Principal Investigator
Sean Qian
Status
Completed
Start Date
Sept. 1, 2017
End Date
Dec. 31, 2019
Project Type
Research Advanced
Grant Program
Private Funding
Grant Cycle
2017 Smart Mobility Challenge
Visibility
Public

Abstract

Dormont and Mount Lebanon are two adjacent and critical municipalities in the southern suburbs of Pittsburgh, which happen to share parking, transit, traffic signaling, and congestion management challenges across a shared Business Rt 19 corridor. We propose to work collaboratively with them over time to develop innovative solutions in a shared corridor, but will initially focus on parking data analysis and management. We will produce a web application that can provide parking information across the municipal boundaries, and consider pricing changes to enhance revenue.    
Description
Dormont and Mount Lebanon are two adjacent and critical municipalities in the southern suburbs of Pittsburgh. They comprise a significant portion of domiciled commuters to the city, but also share portions of a key commuting corridor to downtown - business Rt. 19 (aka West Liberty Avenue / Washington Rd) - that is used by many residents in the south hills.  Rt. 19 spans approximately one mile in the two communities.

The two municipalities also have geographic and demographic profiles that are promising for such a case study.  Business Rt. 19 bisects each community, and Dormont density on par with downtown - with about 9,000 residents in 0.7 square miles.  Mount Lebanon is much larger (33,000 people in 6 square miles) and has a density similar to Dormont on the adjacent end but is more suburban as Rt. 19 progresses towards the south.  In both communities, Business 19 forms the core central business district of the community. 

This one mile stretch has approximately 20 signalized intersections, and varies from one-lane bidirectional traffic with shoulder parking on both sides to two-lane bidirectional traffic.  Parking in both communities is at a premium during various times of the day, leading to additional traffic problems for both residents as well as visitors. The two communities use different vendors for parking payment and data collection services (MeterFeeder and Streetline) and have access to multiple years of historical data. They also have different technologies and vendors for their existing signal management efforts.

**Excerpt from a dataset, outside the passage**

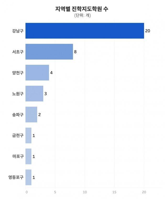 40개의 입실컨설팅 학원 중 70%인 28개가 강남·서초구에 몰려있습니다. 동네별로 살펴보면, 강남구 대치동에 16개, 서초구 서초동 4개, 양천구 목동 4개, 노원구 중계동 3개 등 서울에서 학원가로 유명한 동네에 밀집되어 있습니다.
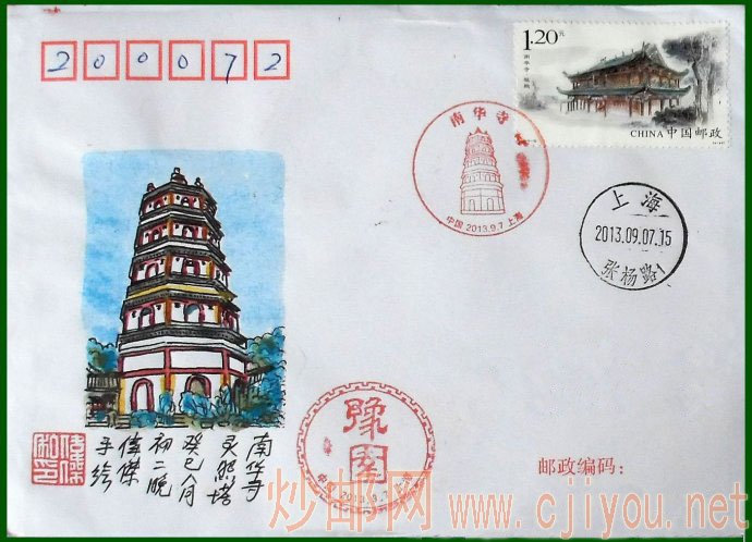 上图为南华寺的手绘封,封上贴了一枚2013-22(4-4)南华寺·祖殿邮票,用上海“南华寺”新邮纪念戳盖销邮票,从上海张杨路邮局寄出,封上留有一枚上海“豫园”新邮纪念戳。

This corridor can become very congested during morning and afternoon rush hours, which also disrupts the efficiency and patronage of local businesses. There is relatively high use of public transit (20-30% in the two communities), of which there are 5 existing “T” light rail stations near or along Rt. 19. The presence of this existing infrastructure creates another compelling reason for supporting analysis in this corridor.

A final justification for the social aspects of this project is that both Dormont and Mt. Lebanon, given their history and size, are walking communities. Many school students walk in Dormont to elementary schools, and all students in Mt. Lebanon from K-12 walk to school (no bus service is provided) and most of the schools are on or very close to the corridor. Beyond adding to the “walking community” aspect, this means that any changes to the transportation system in this corridor must ensure that public safety is maintained, i.e., that vehicular speeds are not increased as a result of increasing efficiency.

Given this status quo, we envision this smart mobility challenge project as a first step in a longer-term collaboration between CMU and the two municipalities that will address parking, traffic signals, transit, and other aspects that could have revolutionary effects on managing the Business Rt. 19 corridor and that could be leveraged to other municipal corridors. However in this project we have decided to begin with parking.

A key innovation feature will be shared access to, and visualization of, parking data across the municipal boundaries. This is especially important for Dormont, which lacks the Streetline system and thus cannot easily provide direct information to users. Generally, though, the system would be able to predict or identify available spots, even if the parking exists “across the municipal boundary”. We will also perform detailed analyses of parking supply and demand to estimate whether increases or decreases of rates during peak or off-peak times might lead to better utilization and/or increased revenue to the municipalities. This may also include “jump rates” where the first N minutes are at a certain rate, but increase as vehicles remain in the same spots (to dissuade drivers from staying for long periods).

To accomplish these goals, we will leverage and improve upon an existing web-based parking information system that visualizes parking availability and predicts availability, as we believe this will be the most suitable initial solution for a project aimed to be realized within one year. We will also perform data analytics on historical data for the economic and finance aspects of the project.
Timeline
This project was initiated in September 2017 as proposed, but significant data challenges were identified in acquiring the data on parking from the two communities at the needed resolution.  The Mount Lebanon data, while robust, was only available at the weekly level and by block (not by space).  While not ideal, we could have worked around this problem.  The Dormont challenge was more significant. In short, we have been unable to make connections with MeterFeeder to acquire the Dormont data, and compounding this challenge is that MeterFeeder owes Dormont about 6 months of toll revenue, which has somewhat soured the relationship between the two entities.

In early 2018, we decided to attempt an alternative project, and are in the midst of assessing feasibility of that project.  If we do change scopes, we will re-write all of the sections above, but in the meantime a brief summary is provided here.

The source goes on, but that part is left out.